When most people first hear about disability d, it
sounds disturbing. We tend to see people with disabilities in the same
category as young children and the very old. They need protecting, they
are frail and unable to compete in the regular workings of society. So
someone wanting to have sex with them? It sounds sick and wrong.
The problem is not with the attraction, the problem is with the
view that society has. Adults who have physical disabilities are just
that, adults. They have the same sexual feelings and desires as anyone
else and they have the maturity to consent to sex if they want to.
There are other reasons why some might find it taboo. How
could we biologically and evolutionarily speaking have such a desire? Human
sexuality is very complex and science has not yet pinned it down. Rather
than seeing it as an attraction to something broken, see it as an attraction to
something different (different, but just as valid). While for many people
those with physical disabilities appear grotesque or disturbing, for devotees
they do not.
Not only myself, but other female devotees I have spoken to,
have reinforced again and again the idea that they might be initially drawn to
paralyzed legs or amputated stumps, but that is just the initial attraction,
which we all experience when we see someone we find appealing. Devotees
are still looking to connect on other levels too, to find someone that she can
get along with and have things in common with as well as the physical
attraction. Does objectification happen? Sure. That is not
unique, it happens where ever there are humans.

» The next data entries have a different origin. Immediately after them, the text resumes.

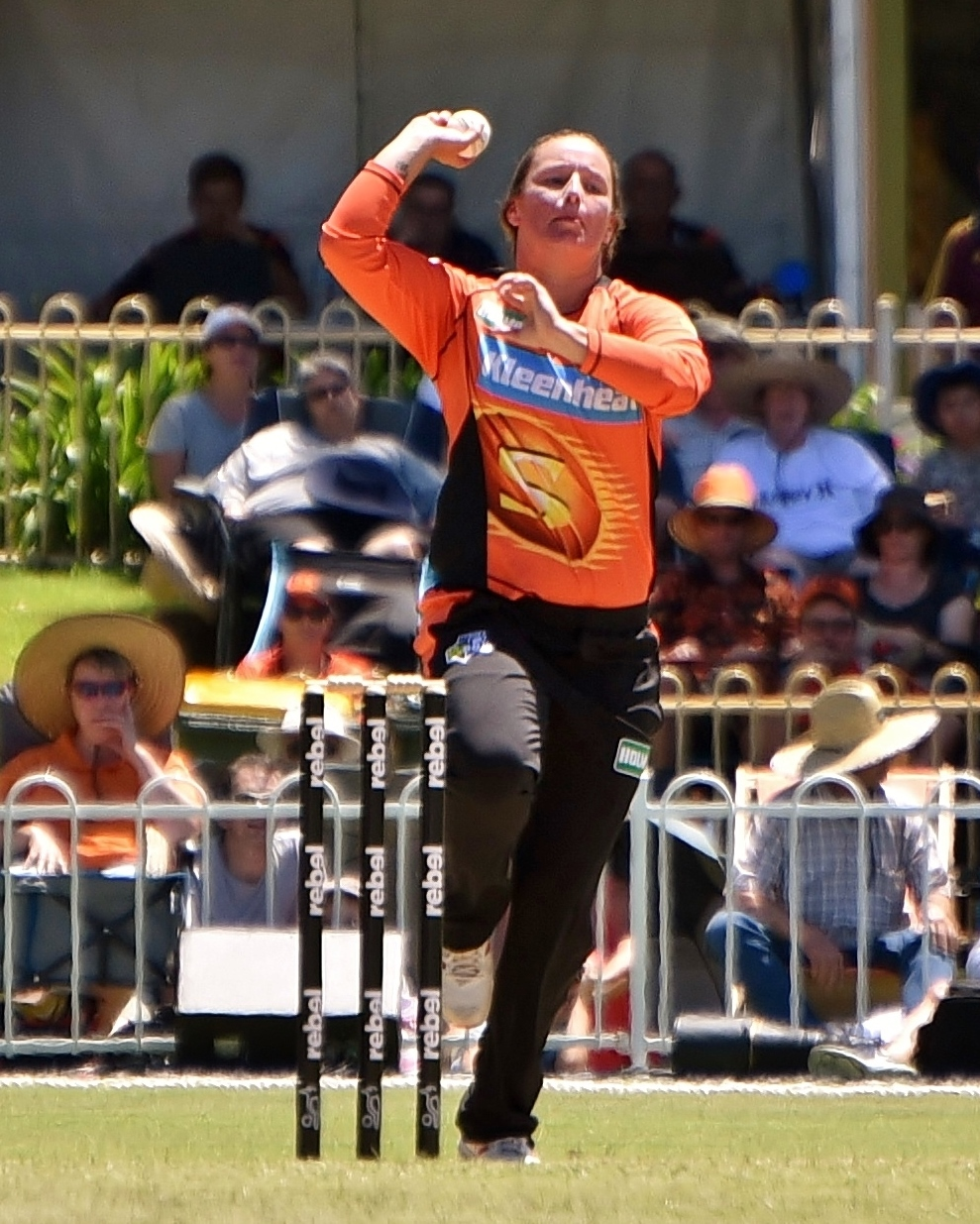 Perth Scorchers all-rounder Hayley Jensen bowling against the Sydney Sixers, in a WBBL match at Lilac Hill Park in Perth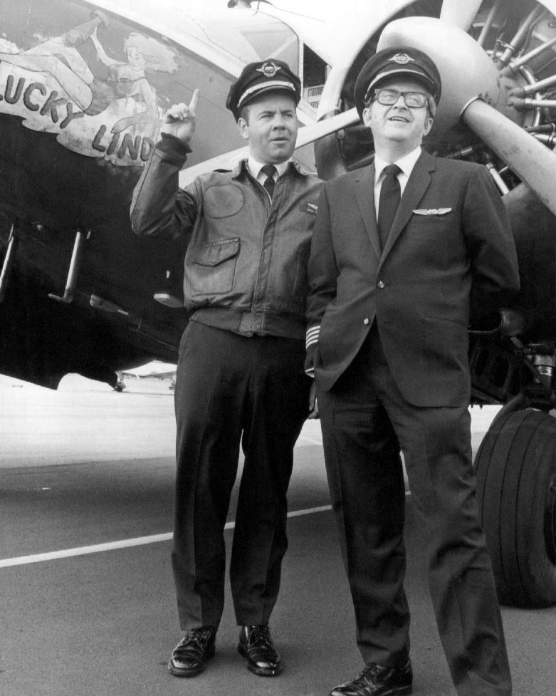 Photo of Tim Conway and Joe Flynn from the television show The Tim Conway Show. Conway played the pilot of a small airline with Flynn playing his boss. The two actors also worked together in McHale's Navy.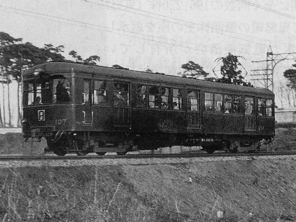 Teito Electric Railway No.107,EMU Type 100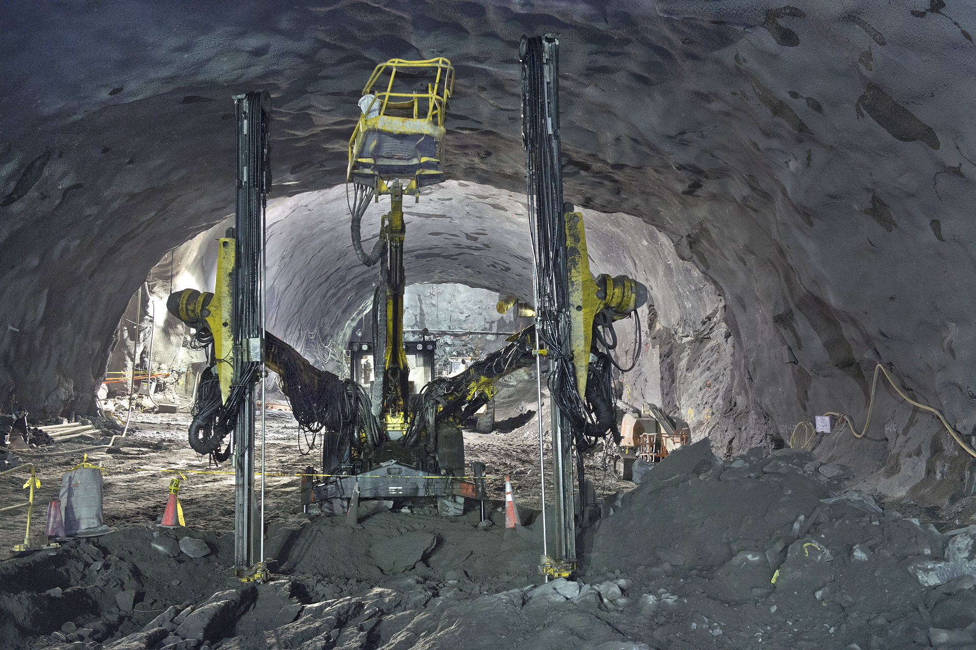 Excavation work on the cavern that will house the Second Avenue Subway's 86th Street Station continues as of February 23, 2013. Photo: Metropolitan Transportation Authority / Patrick Cashin.

Yet, they didn’t cause the pain. Many disabled people, who
have trouble getting people to see them as equals and as viable romantic
partners, are glad to hear that there are people who find their bodies
ideal. It makes me think, there really can be “someone for everyone.”
Interestingly, there are differences between male and female
devotees (also called devs or devos). The majority of men who have it are
attracted to amputee women and the majority of women who have it are attracted
to paralyzed men. However, that isn’t always the case, there is some
variation. No one knows why this is.
For all the curiosity out there about where devoteeism comes
from, there is not yet an answer. Theories have been put forth
occasionally, but none that ring true to the real life experiences of devotees.
For some, this attraction is just a preference and they can be
happy with an able-bodied partner and leave the dev feelings for fantasy
alone. Others find it to be an important factor in looking for a life
partner. I often compare it to homosexuality because I think that it is a
full sexuality in the same way. There are some who are bi and some who
are fully on the dev end of the spectrum. Also similarly, no one knows
what causes homosexuality or where it comes from.
My intention was to give a voice to devotees, who are often
misunderstood and villain-ized. People don’t choose to be sexual
deviants. Many times they don’t want to be. The people who have
sexual preferences outside of what is generally considered to be the norm are
not inhuman, they are not monstrous, they are not victims of abuse, they are
not all that different from anyone else.